The word is "Sibelian".

When words like "Mahlerian", "Mozartian" or "Brucknerian" are used, they are most likely referring to elements of musical style that are associated with the given composer. Along those lines, a "Sibelian texture" could be one that involves pianissimo tremolos or a melody moving step-wise, suspended over a half-diminished-seventh chord. Or a "Sibelian motive" could be the S-Motive that Harry Miettunen is fond of, or perhaps a falling fifth at the end of a phrase. But when the word "Sibelian" appears at the Forum, an element of Sibelius' style is rarely the context in which the term is applied. Our members are talking about people.

A "Sibelian" is a person.

My initial discomfort came from my great reverence for Sibelius and his music. To me, the term originally sounded like an honourific, a title that only the priviledged few who have devoted their lives to Sibelius' music should be allowed to carry. In this vein it also required a special focus on Sibelius' music: if a musician is better known for interpretations of another composer's works or has an eclectic repertoire, he mustn't be considered a Sibelian. When the term began to be applied to listeners, in the sense that a concert-goer could be considered a "Sibelian", my scepticism grew. Parallel to these ideas, my inquietude was also rooted in the fact that I would personally never call myself a Sibelian and never have, nor have I ever used that term in a Forum discussion. I secretly longed to have someone else call me a Sibelian, although for a long time I felt unworthy of that distinction.

Then earlier this year I had a change of heart while reading an article about "Opera buffs", where "Wagner aficionados" mingled with "Mozart lovers" and "Verdi enthusiasts". It occured to me that to attach the suffix "-ian" to almost any other composer's name when describing his followers was somewhat trite if not meaningless. And by comparison, to say that one is a "Sibelius lover" sounds somewhat empty and vague. I had come to the conclusion that the only composer who's name could be applied in descriptive form to his most devoted listeners is indeed Sibelius. I realized that for those to whom Sibelius' music speaks, a special bond forms, an intimate relationship is forged and a new person is born: a Sibelian. And to call oneself a Sibelian is not boasting, it is more of a statement about Sibelius' music that about the individual. It is a testimony to the man who's art has changed our lives and souls, forever.

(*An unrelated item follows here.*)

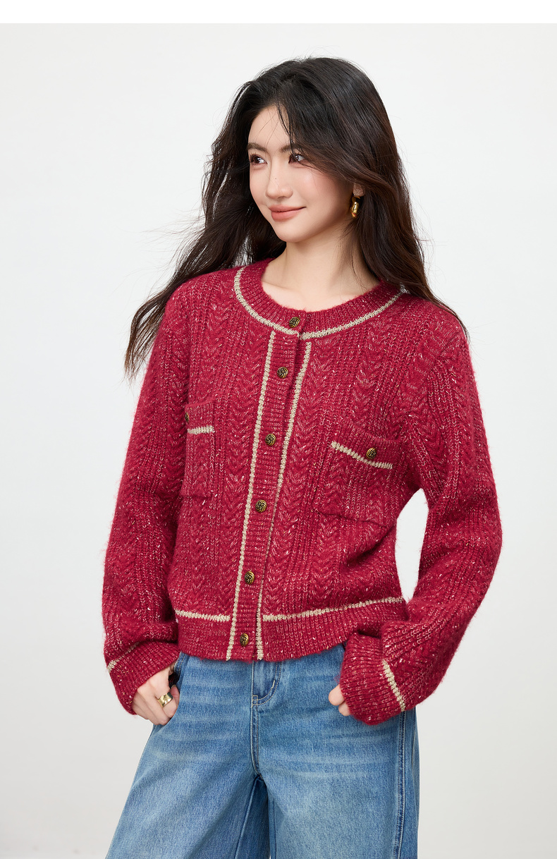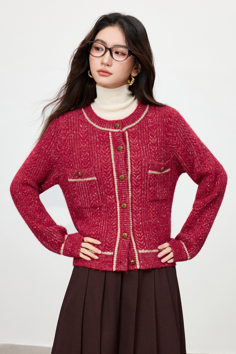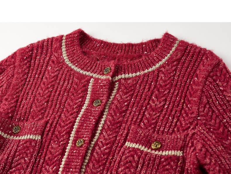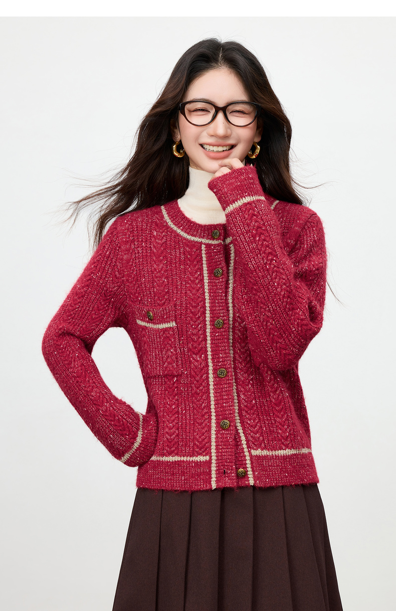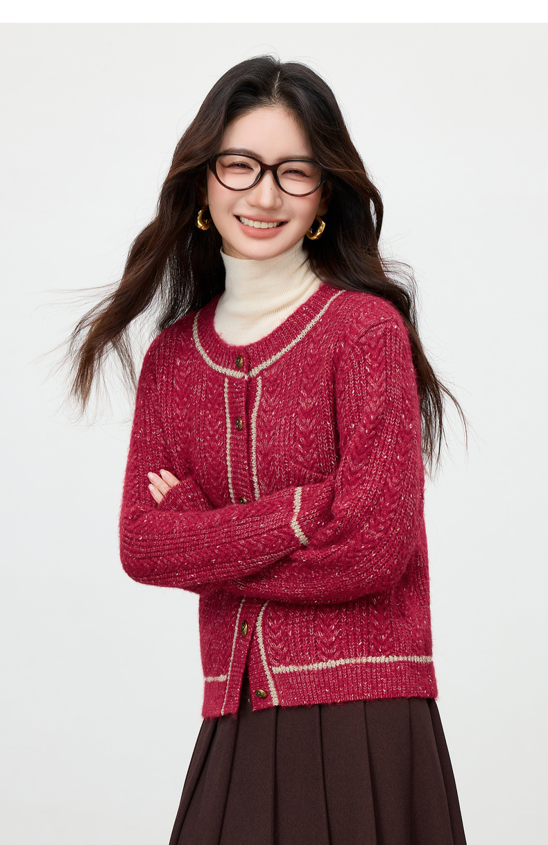 【内购】【云朵衫】优雅通勤撞色细边圆领扭结扣弹力亮丝肌理开衫毛衣-W54EB4148

In this respect, for the first time ever I humbly state, That I am a Sibelian.

Are you?


----------



## Chi_townPhilly

Well, hello again, *Maestro K*!

All I can do is hope that your absence from this forum has something to do with some manner of nascent career success. It's good to hear from you!

The only thing of relevance that I can add is that I've found your particular composer-specific forum worth the read. Congratulations, and Best Wishes for your next year! CTP


----------